↓

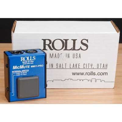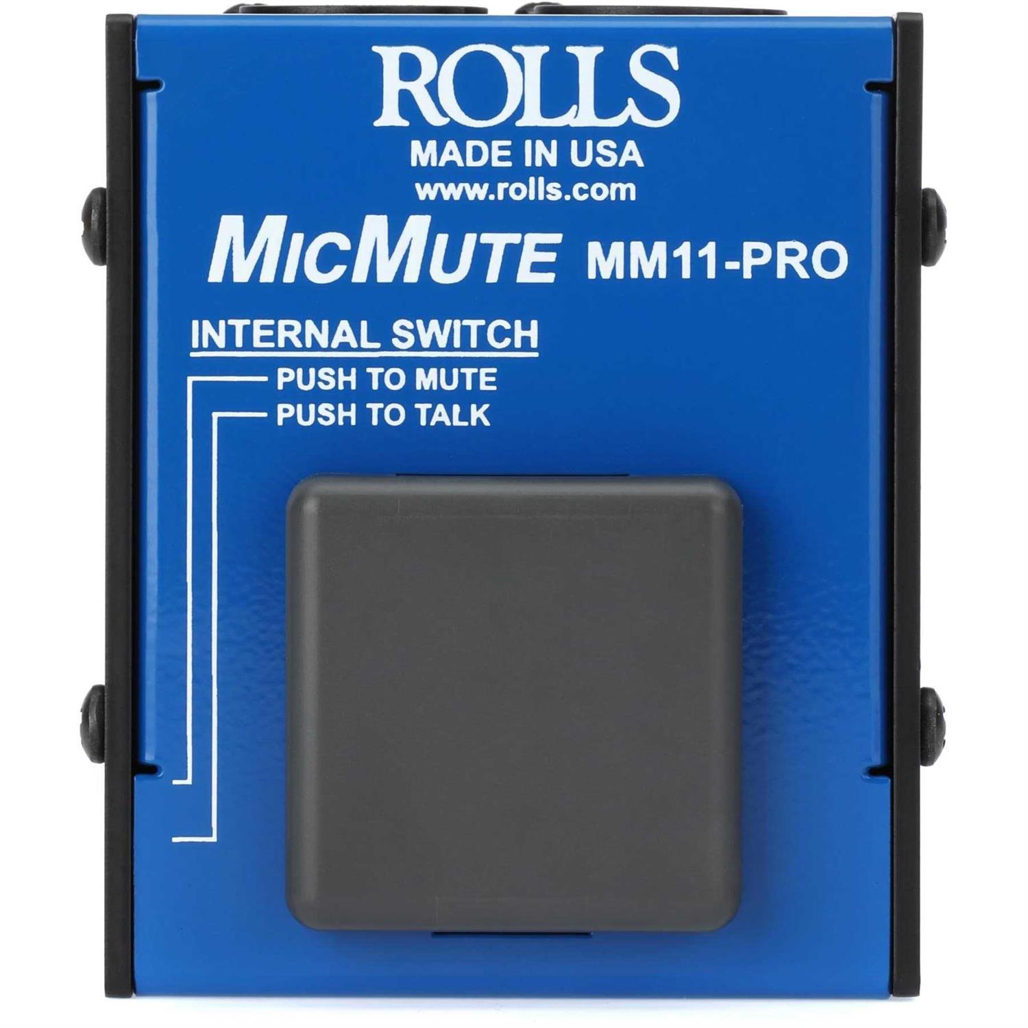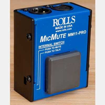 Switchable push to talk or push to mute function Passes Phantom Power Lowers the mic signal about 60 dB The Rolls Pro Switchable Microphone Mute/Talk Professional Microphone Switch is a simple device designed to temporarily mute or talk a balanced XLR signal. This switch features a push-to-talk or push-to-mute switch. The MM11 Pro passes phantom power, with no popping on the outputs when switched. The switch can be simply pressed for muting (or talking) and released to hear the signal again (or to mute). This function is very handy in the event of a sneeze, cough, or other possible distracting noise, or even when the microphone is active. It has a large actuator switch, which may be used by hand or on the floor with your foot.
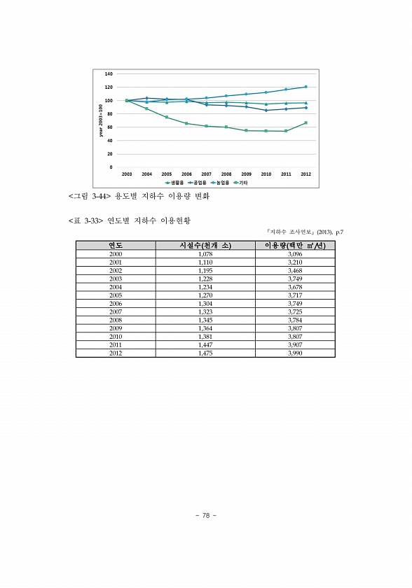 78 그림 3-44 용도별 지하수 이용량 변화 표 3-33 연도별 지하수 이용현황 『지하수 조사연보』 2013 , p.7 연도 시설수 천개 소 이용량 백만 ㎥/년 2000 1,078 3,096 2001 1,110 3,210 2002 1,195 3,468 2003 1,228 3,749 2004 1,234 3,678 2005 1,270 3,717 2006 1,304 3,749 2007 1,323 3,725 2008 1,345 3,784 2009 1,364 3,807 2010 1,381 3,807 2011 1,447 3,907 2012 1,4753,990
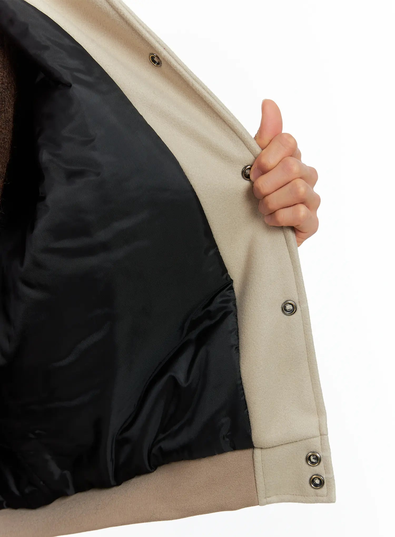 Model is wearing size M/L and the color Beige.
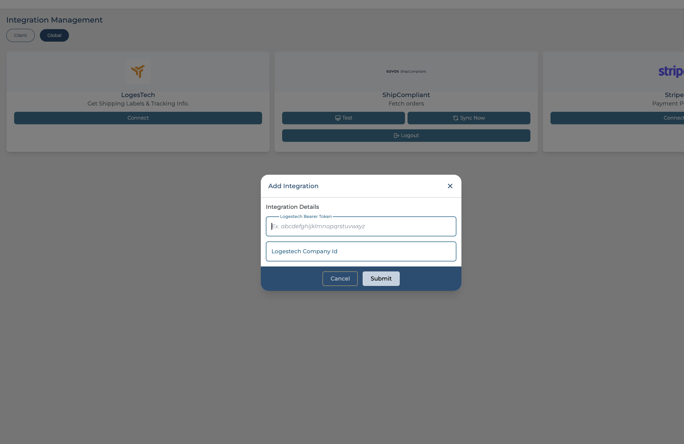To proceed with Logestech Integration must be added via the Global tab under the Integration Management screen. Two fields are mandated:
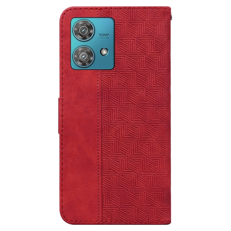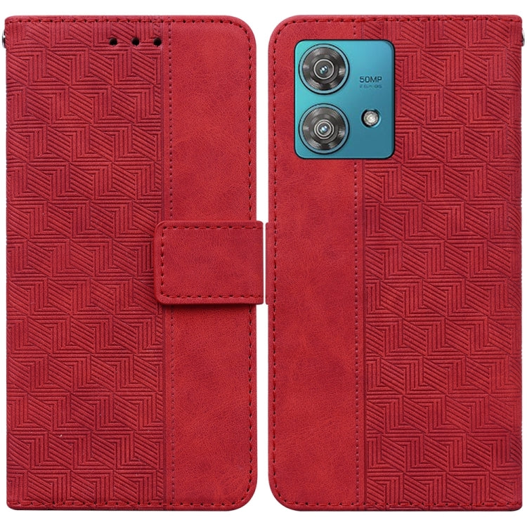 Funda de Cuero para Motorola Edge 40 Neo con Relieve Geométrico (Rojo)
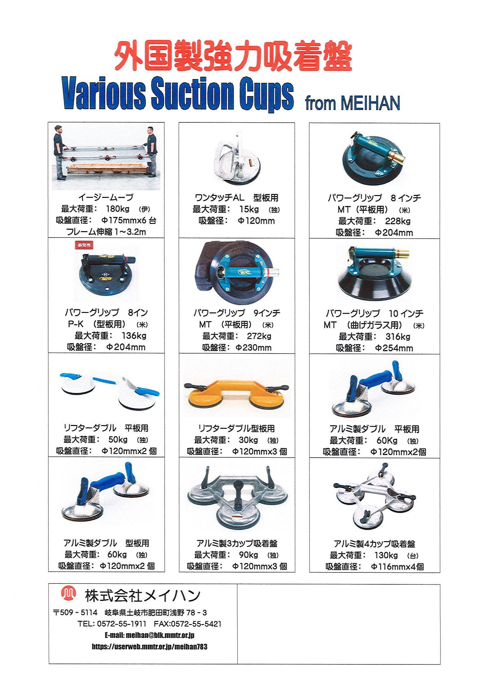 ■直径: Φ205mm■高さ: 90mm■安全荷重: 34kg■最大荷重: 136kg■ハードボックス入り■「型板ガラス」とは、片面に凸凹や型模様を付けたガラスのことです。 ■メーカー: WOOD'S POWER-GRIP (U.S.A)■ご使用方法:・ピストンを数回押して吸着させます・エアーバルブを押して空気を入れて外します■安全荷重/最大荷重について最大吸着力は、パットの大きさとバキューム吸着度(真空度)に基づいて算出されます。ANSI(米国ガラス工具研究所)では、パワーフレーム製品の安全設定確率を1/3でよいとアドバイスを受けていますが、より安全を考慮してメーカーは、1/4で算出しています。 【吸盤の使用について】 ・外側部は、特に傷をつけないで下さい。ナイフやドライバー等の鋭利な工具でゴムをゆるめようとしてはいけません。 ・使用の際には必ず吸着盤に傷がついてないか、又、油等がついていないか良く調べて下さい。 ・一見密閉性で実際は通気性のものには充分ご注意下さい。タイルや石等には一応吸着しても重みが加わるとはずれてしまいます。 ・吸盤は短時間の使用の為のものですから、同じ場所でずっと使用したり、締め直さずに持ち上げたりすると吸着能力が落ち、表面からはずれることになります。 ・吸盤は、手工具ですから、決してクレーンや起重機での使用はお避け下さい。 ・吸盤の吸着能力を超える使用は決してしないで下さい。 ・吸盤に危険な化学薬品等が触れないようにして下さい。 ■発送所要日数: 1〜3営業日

↑

**Work item**
Transcribe exactly the lines from the one with "Model is wearing" to the last line of the records, both included, so that no picture appears in the copy.

**Solution**
 Model is wearing size M/L and the color Beige.
To proceed with Logestech Integration must be added via the Global tab under the Integration Management screen. Two fields are mandated:
 Funda de Cuero para Motorola Edge 40 Neo con Relieve Geométrico (Rojo)
 ■直径: Φ205mm■高さ: 90mm■安全荷重: 34kg■最大荷重: 136kg■ハードボックス入り■「型板ガラス」とは、片面に凸凹や型模様を付けたガラスのことです。 ■メーカー: WOOD'S POWER-GRIP (U.S.A)■ご使用方法:・ピストンを数回押して吸着させます・エアーバルブを押して空気を入れて外します■安全荷重/最大荷重について最大吸着力は、パットの大きさとバキューム吸着度(真空度)に基づいて算出されます。ANSI(米国ガラス工具研究所)では、パワーフレーム製品の安全設定確率を1/3でよいとアドバイスを受けていますが、より安全を考慮してメーカーは、1/4で算出しています。 【吸盤の使用について】 ・外側部は、特に傷をつけないで下さい。ナイフやドライバー等の鋭利な工具でゴムをゆるめようとしてはいけません。 ・使用の際には必ず吸着盤に傷がついてないか、又、油等がついていないか良く調べて下さい。 ・一見密閉性で実際は通気性のものには充分ご注意下さい。タイルや石等には一応吸着しても重みが加わるとはずれてしまいます。 ・吸盤は短時間の使用の為のものですから、同じ場所でずっと使用したり、締め直さずに持ち上げたりすると吸着能力が落ち、表面からはずれることになります。 ・吸盤は、手工具ですから、決してクレーンや起重機での使用はお避け下さい。 ・吸盤の吸着能力を超える使用は決してしないで下さい。 ・吸盤に危険な化学薬品等が触れないようにして下さい。 ■発送所要日数: 1〜3営業日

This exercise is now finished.